● **Exercise prompt**
The listing below must be repeated word for word, without its pictures.

● **Data block**
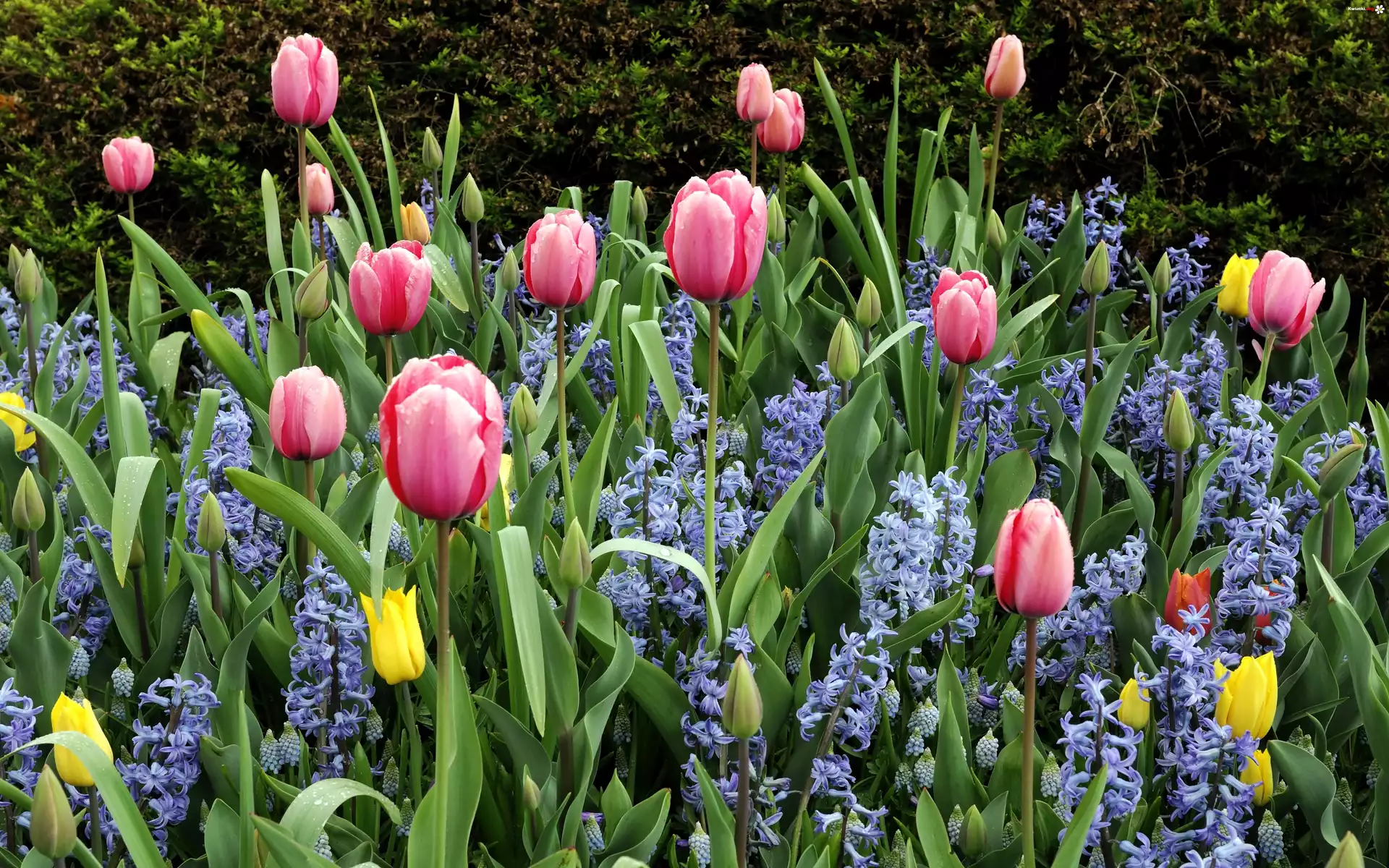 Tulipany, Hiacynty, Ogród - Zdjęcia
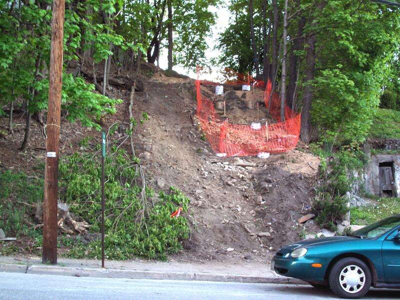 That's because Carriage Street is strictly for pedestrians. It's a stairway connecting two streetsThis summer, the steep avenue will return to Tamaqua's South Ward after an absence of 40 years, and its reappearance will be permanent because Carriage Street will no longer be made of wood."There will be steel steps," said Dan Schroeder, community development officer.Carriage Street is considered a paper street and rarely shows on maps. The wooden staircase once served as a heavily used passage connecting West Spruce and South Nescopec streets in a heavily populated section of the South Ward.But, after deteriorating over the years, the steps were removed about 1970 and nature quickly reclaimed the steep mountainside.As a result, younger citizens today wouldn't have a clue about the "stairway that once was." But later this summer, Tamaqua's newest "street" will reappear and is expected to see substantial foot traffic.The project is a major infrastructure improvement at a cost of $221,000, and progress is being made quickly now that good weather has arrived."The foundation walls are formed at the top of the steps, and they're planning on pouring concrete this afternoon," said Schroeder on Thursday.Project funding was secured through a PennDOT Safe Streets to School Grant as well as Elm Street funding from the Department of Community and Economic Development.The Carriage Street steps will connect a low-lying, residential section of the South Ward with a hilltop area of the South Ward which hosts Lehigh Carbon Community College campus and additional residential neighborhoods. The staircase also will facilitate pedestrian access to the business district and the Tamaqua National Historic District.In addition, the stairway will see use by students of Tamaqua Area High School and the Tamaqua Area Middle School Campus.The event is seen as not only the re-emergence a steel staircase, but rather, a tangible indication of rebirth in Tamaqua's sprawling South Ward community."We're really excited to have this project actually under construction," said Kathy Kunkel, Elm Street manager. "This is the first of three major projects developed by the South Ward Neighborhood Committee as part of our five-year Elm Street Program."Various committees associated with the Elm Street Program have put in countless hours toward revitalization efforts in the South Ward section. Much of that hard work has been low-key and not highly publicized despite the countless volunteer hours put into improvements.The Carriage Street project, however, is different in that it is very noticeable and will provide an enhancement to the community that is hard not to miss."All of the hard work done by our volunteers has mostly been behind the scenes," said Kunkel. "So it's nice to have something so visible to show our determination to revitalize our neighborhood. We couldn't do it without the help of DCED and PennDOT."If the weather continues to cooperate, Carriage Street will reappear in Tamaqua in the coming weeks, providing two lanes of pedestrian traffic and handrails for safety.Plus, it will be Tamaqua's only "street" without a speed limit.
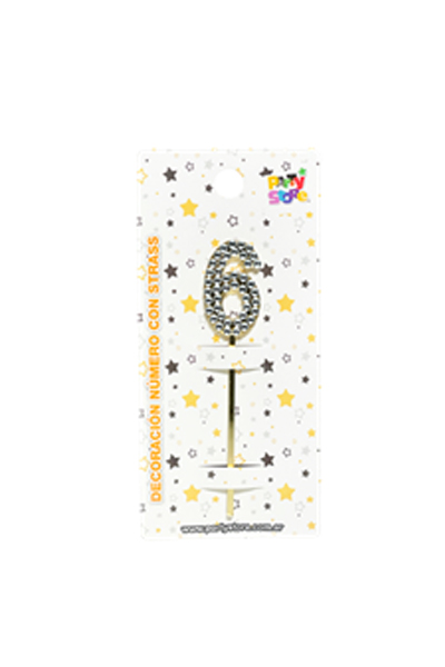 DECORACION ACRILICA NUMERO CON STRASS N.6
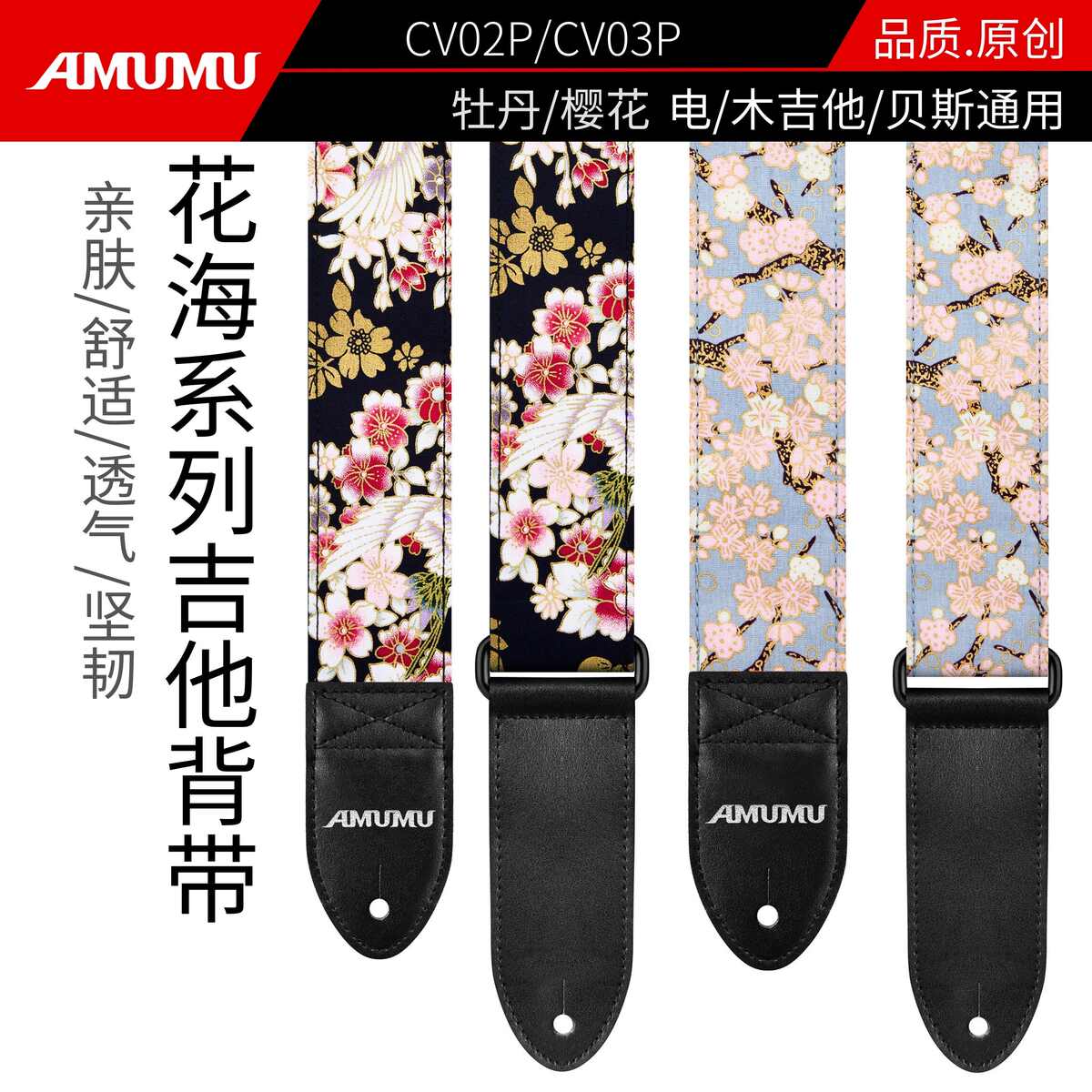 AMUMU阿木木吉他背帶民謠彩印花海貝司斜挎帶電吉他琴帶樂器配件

● **Response for this exercise**
 Tulipany, Hiacynty, Ogród - Zdjęcia
 That's because Carriage Street is strictly for pedestrians. It's a stairway connecting two streetsThis summer, the steep avenue will return to Tamaqua's South Ward after an absence of 40 years, and its reappearance will be permanent because Carriage Street will no longer be made of wood."There will be steel steps," said Dan Schroeder, community development officer.Carriage Street is considered a paper street and rarely shows on maps. The wooden staircase once served as a heavily used passage connecting West Spruce and South Nescopec streets in a heavily populated section of the South Ward.But, after deteriorating over the years, the steps were removed about 1970 and nature quickly reclaimed the steep mountainside.As a result, younger citizens today wouldn't have a clue about the "stairway that once was." But later this summer, Tamaqua's newest "street" will reappear and is expected to see substantial foot traffic.The project is a major infrastructure improvement at a cost of $221,000, and progress is being made quickly now that good weather has arrived."The foundation walls are formed at the top of the steps, and they're planning on pouring concrete this afternoon," said Schroeder on Thursday.Project funding was secured through a PennDOT Safe Streets to School Grant as well as Elm Street funding from the Department of Community and Economic Development.The Carriage Street steps will connect a low-lying, residential section of the South Ward with a hilltop area of the South Ward which hosts Lehigh Carbon Community College campus and additional residential neighborhoods. The staircase also will facilitate pedestrian access to the business district and the Tamaqua National Historic District.In addition, the stairway will see use by students of Tamaqua Area High School and the Tamaqua Area Middle School Campus.The event is seen as not only the re-emergence a steel staircase, but rather, a tangible indication of rebirth in Tamaqua's sprawling South Ward community."We're really excited to have this project actually under construction," said Kathy Kunkel, Elm Street manager. "This is the first of three major projects developed by the South Ward Neighborhood Committee as part of our five-year Elm Street Program."Various committees associated with the Elm Street Program have put in countless hours toward revitalization efforts in the South Ward section. Much of that hard work has been low-key and not highly publicized despite the countless volunteer hours put into improvements.The Carriage Street project, however, is different in that it is very noticeable and will provide an enhancement to the community that is hard not to miss."All of the hard work done by our volunteers has mostly been behind the scenes," said Kunkel. "So it's nice to have something so visible to show our determination to revitalize our neighborhood. We couldn't do it without the help of DCED and PennDOT."If the weather continues to cooperate, Carriage Street will reappear in Tamaqua in the coming weeks, providing two lanes of pedestrian traffic and handrails for safety.Plus, it will be Tamaqua's only "street" without a speed limit.
 DECORACION ACRILICA NUMERO CON STRASS N.6
 AMUMU阿木木吉他背帶民謠彩印花海貝司斜挎帶電吉他琴帶樂器配件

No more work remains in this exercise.